• **PROBLEM**: In the records below, find the line containing "記得 check in" and repeat it and every line after it exactly, without pictures.

• **INPUT MATERIAL**:
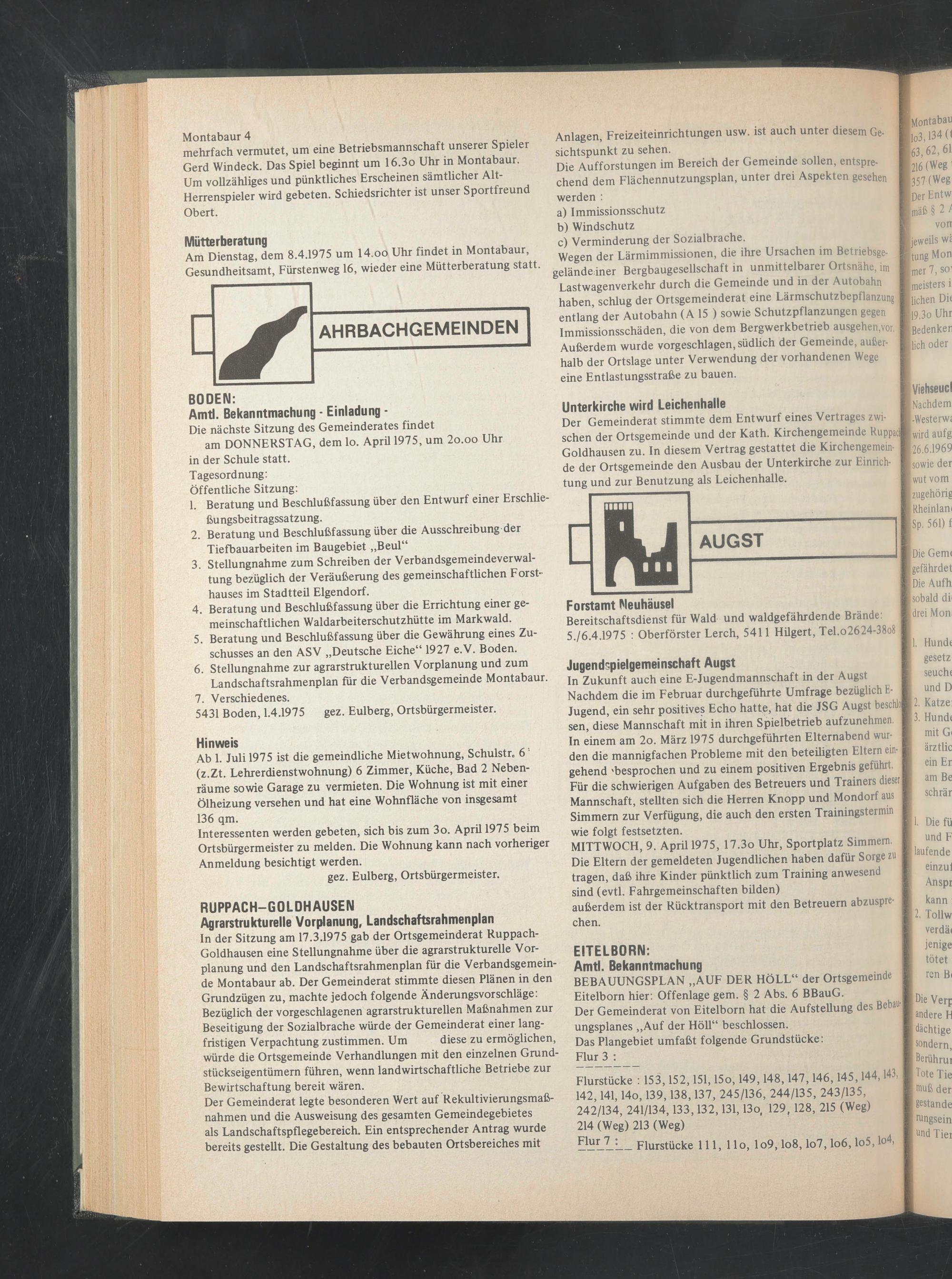 5431 Boden, 1.4.1975 gez. Eulberg, Ortsbürgermeister.
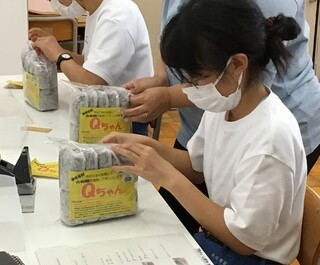 高等部の生徒は、再生事業班の仲間と一緒に作業学習を行いました。
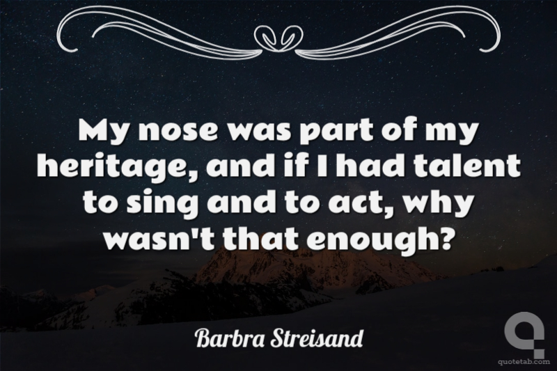 My nose was part of my heritage, and if I had talent to sing and to act, why wasn't that enough? Barbra Streisand
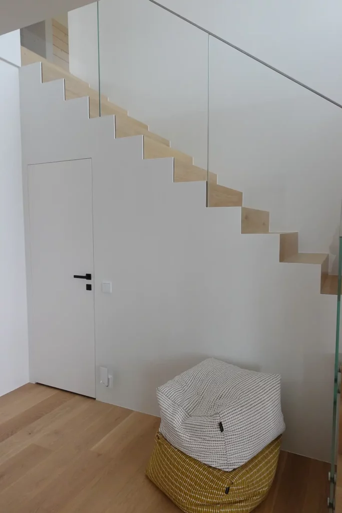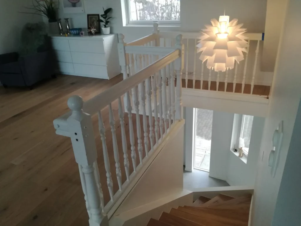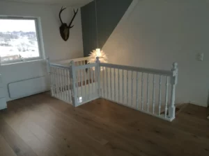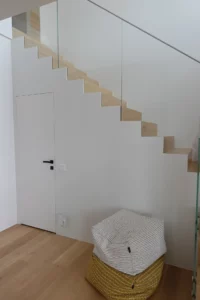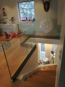 Renovated Stair Hall with Modern Glass Balustrades – Before and after
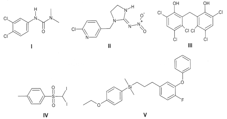 As águas subterrâneas têm sido contaminadas pelo uso de pesticidas na agricultura. Entre as várias substâncias usualmente encontradas, algumas são apresentadas na figura. A distinção dessas substâncias pode ser feita por meio de uma análise química qualitativa, ou seja, determinando sua presença mediante a adição de um reagente específico. O hidróxido de sódio é capaz de identificar a presença de um desses pesticidas pela reação ácido-base de Brönsted-Lowry.
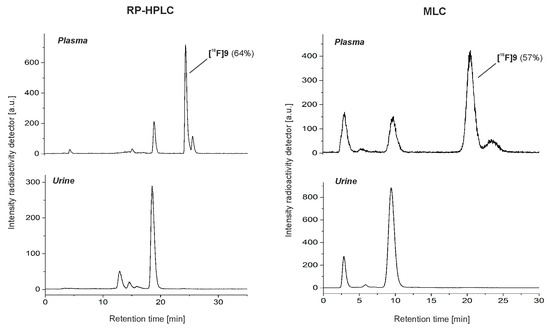 Exemplary RP-HPLC (left) and MLC (right) radio-chromatograms of mouse plasma and urine samples at 30 min p.i. of [18F]9 (conditions RP-HPLC: Reprosil-Pur C18-AQ, 250 × 4.6 mm, gradient with eluent mixture of ACN/20 mM aq. NH4OAc, 1.0 mL/min; conditions MLC: Reprosil-Pur C18-AQ, 250 × 4.6 mm, gradient with an eluent mixture of EtOH/100 mM aq. SDS/25 mM aq. (NH4)2HPO4, 1.0 mL/min).
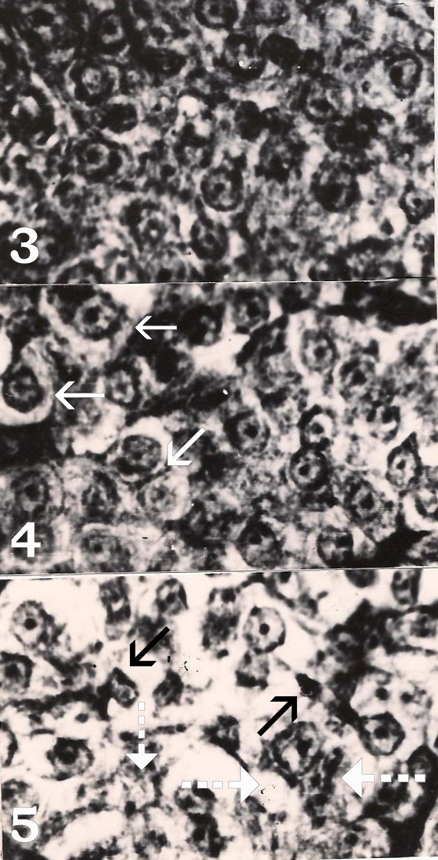 - Figure 5. Prolactin cells of 28 days chlorpyrifos exposed fish showing degeneration (arrows). Note vacuolization and cytolysis (white broken arrows) at some places. Herlant tetrachrome X 800.
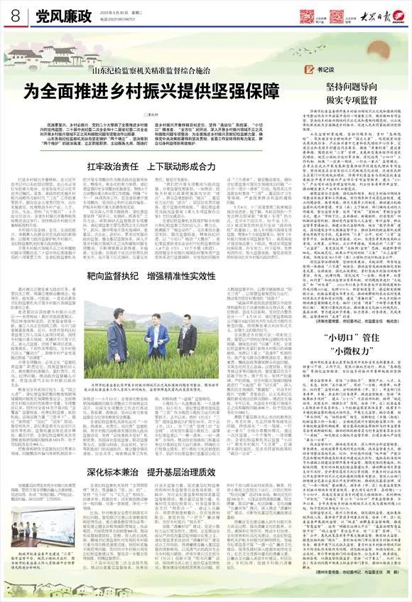 2023年5月30日,《大众日报》“党风廉政”专版刊发《山东纪检监察机关精准监督综合施治 为全面推进乡村振兴提供坚强保障》。全文如下:
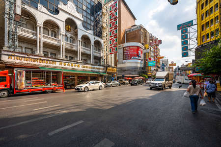 BANGKOK, THAILAND - MAY 12, 2019: The activity on Yaowarat Road of Chinatown, on May 12 in Bangkok, Thailand
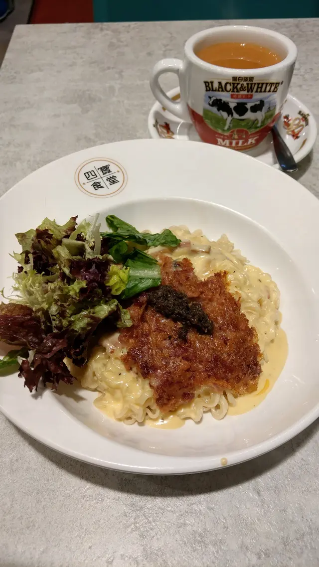 記得 check in 當日,跟媽咪經過酒店附近電氣道有些餐廳,有間茶餐廳 <四寶食堂>,晚餐款式既健康又特色多元化!
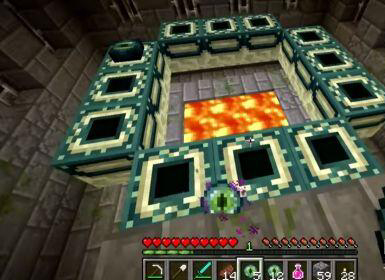 3、极少数的地牢会放置好末地传送门的框架,如果没有框架,我们就需要自己使用12个末地传送门方块,摆放缺少死角的末地传送门框架。
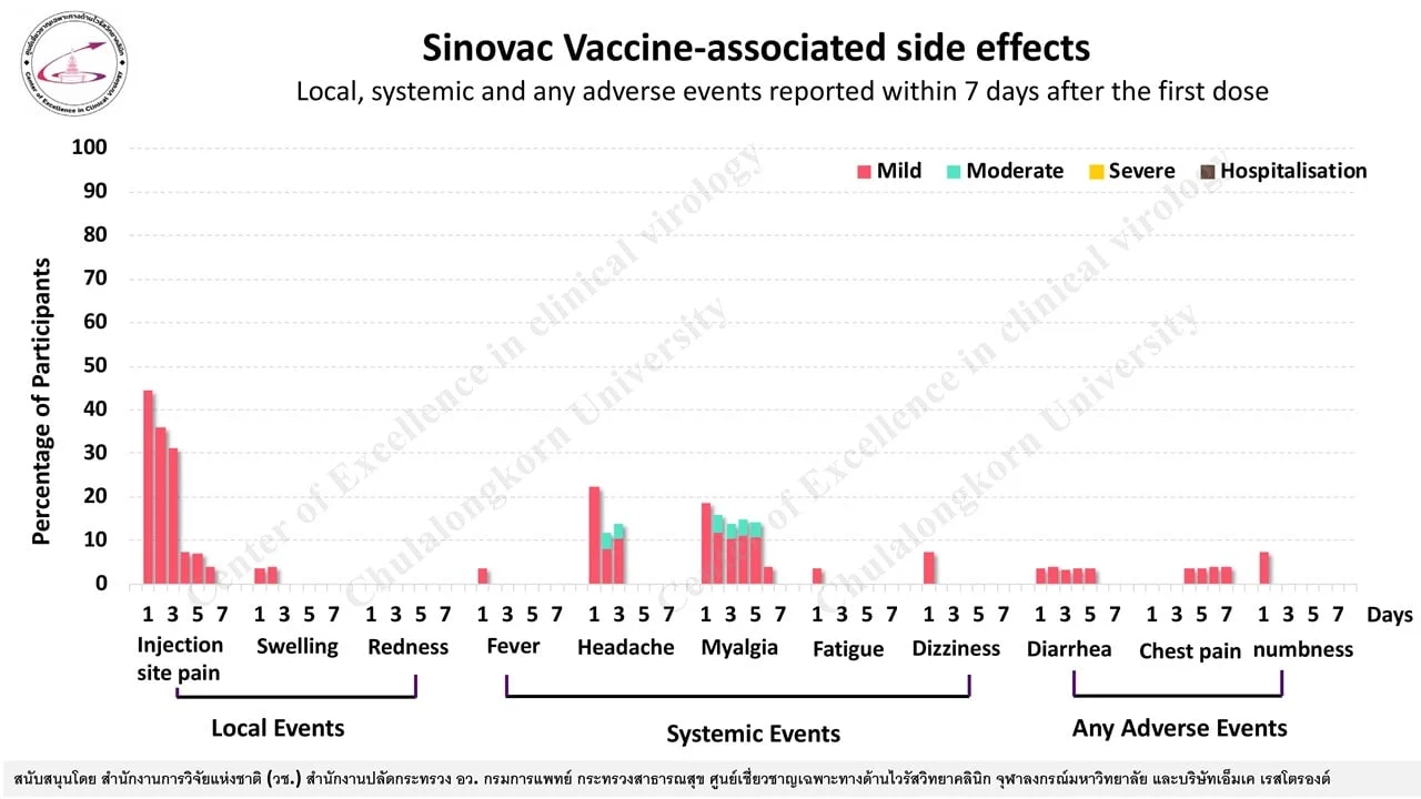 ในช่วงต้นการฉีดวัคซีนซึ่งส่วนใหญ่จะเป็นวัคซีนซิโนแวค (Sinovac) และในผู้สูงอายุจะใช้วัคซีนแอสตร้าเซนเนก้า (AstraZeneca) ปัญหาอาการข้างเคียงที่เกิดขึ้นจะไม่ค่อยพบมาก

• **TASK RESPONSE**:
 記得 check in 當日,跟媽咪經過酒店附近電氣道有些餐廳,有間茶餐廳 <四寶食堂>,晚餐款式既健康又特色多元化!
 3、极少数的地牢会放置好末地传送门的框架,如果没有框架,我们就需要自己使用12个末地传送门方块,摆放缺少死角的末地传送门框架。
 ในช่วงต้นการฉีดวัคซีนซึ่งส่วนใหญ่จะเป็นวัคซีนซิโนแวค (Sinovac) และในผู้สูงอายุจะใช้วัคซีนแอสตร้าเซนเนก้า (AstraZeneca) ปัญหาอาการข้างเคียงที่เกิดขึ้นจะไม่ค่อยพบมาก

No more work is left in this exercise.